● **Exercise brief**
Return, exactly and in full, the lines of the records below starting at the one with "luchtfoto met aanduiding" and ending at the one with "De UCO site, Maisstraat", and no other lines.

● **Task inputs**

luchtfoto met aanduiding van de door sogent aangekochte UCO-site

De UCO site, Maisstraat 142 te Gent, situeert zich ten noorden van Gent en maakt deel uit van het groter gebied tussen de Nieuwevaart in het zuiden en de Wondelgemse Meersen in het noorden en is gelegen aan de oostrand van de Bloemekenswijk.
==
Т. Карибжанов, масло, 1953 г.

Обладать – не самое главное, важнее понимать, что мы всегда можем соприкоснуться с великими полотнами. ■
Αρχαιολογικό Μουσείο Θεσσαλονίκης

● **Finished exercise**
luchtfoto met aanduiding van de door sogent aangekochte UCO-site

De UCO site, Maisstraat 142 te Gent, situeert zich ten noorden van Gent en maakt deel uit van het groter gebied tussen de Nieuwevaart in het zuiden en de Wondelgemse Meersen in het noorden en is gelegen aan de oostrand van de Bloemekenswijk.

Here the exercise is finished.